**AIM OF THE TASK:** Look below for the line containing "[½Åµ¿¾Æ¹æ¼Û=±è±â³² ±âÀÚ] ±Ç¿ÀºÀ". Write out that line and the rest through the last one, exactly as they appear, but without pictures.

**GIVEN MATERIAL:**
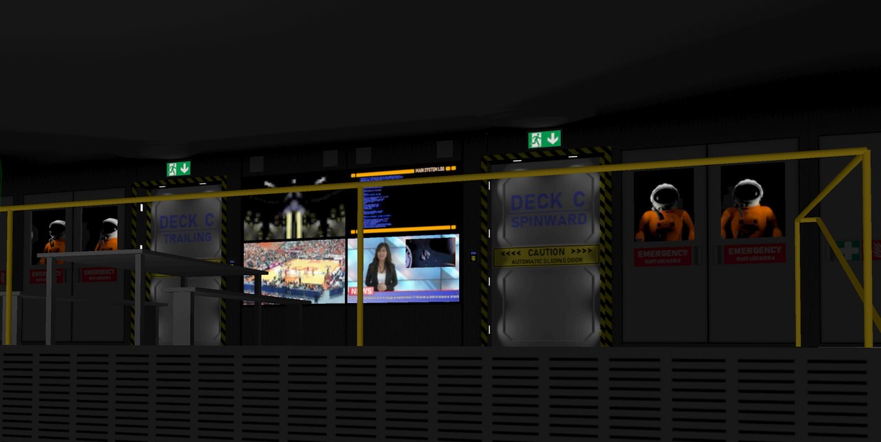 I found from www.pexels.com some footage from a basketball game, so I used that as the contents of another TV screen. The top TV screens show a camera feed from the hangar deck, and a scrolling log display panel feed. Here below is an image of what the central area of the back wall now looks like when viewed from the player seat. Some global illumination and ambient lighting setup is still missing or unfinished.
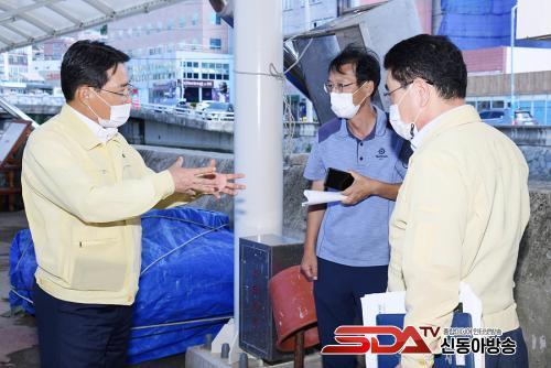 [½Åµ¿¾Æ¹æ¼Û=±è±â³² ±âÀÚ] ±Ç¿ÀºÀ ¿©¼ö½ÃÀåÀÌ 3ÀÏ ¿ÀÀü ÅÂdz ¸¶ÀÌ»èÀ¸·Î ¹Ù´Ú ÀϺΰ¡ ħ¼öµÈ ±³µ¿½ÃÀå Àϴ븦 µÑ·¯º¸¸ç ÇÇÇØÇöÀåÀ» Á¡°ËÇϰí ÀÖ´Ù.
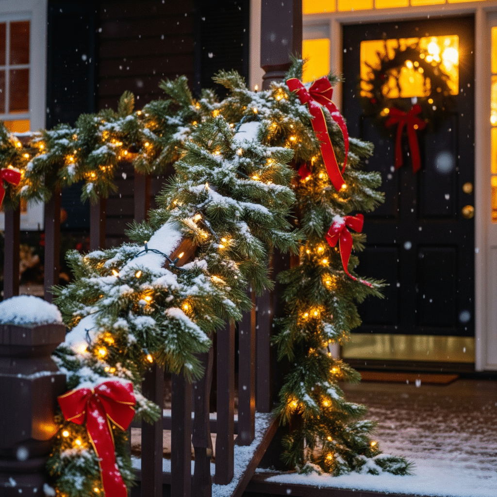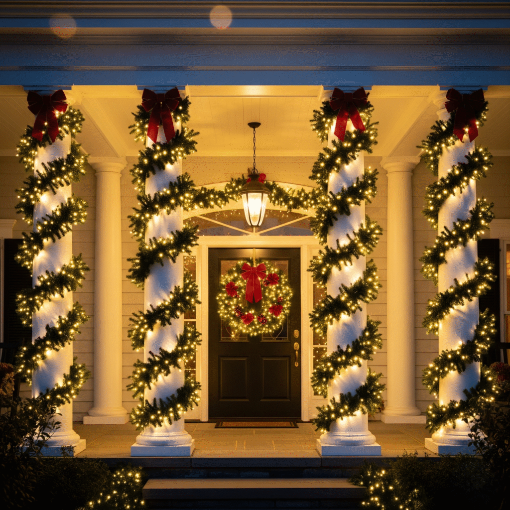 Wrap your porch railings or columns in lit garland for a lush, green touch.

**EXPECTED OUTPUT:**
 [½Åµ¿¾Æ¹æ¼Û=±è±â³² ±âÀÚ] ±Ç¿ÀºÀ ¿©¼ö½ÃÀåÀÌ 3ÀÏ ¿ÀÀü ÅÂdz ¸¶ÀÌ»èÀ¸·Î ¹Ù´Ú ÀϺΰ¡ ħ¼öµÈ ±³µ¿½ÃÀå Àϴ븦 µÑ·¯º¸¸ç ÇÇÇØÇöÀåÀ» Á¡°ËÇϰí ÀÖ´Ù.
 Wrap your porch railings or columns in lit garland for a lush, green touch.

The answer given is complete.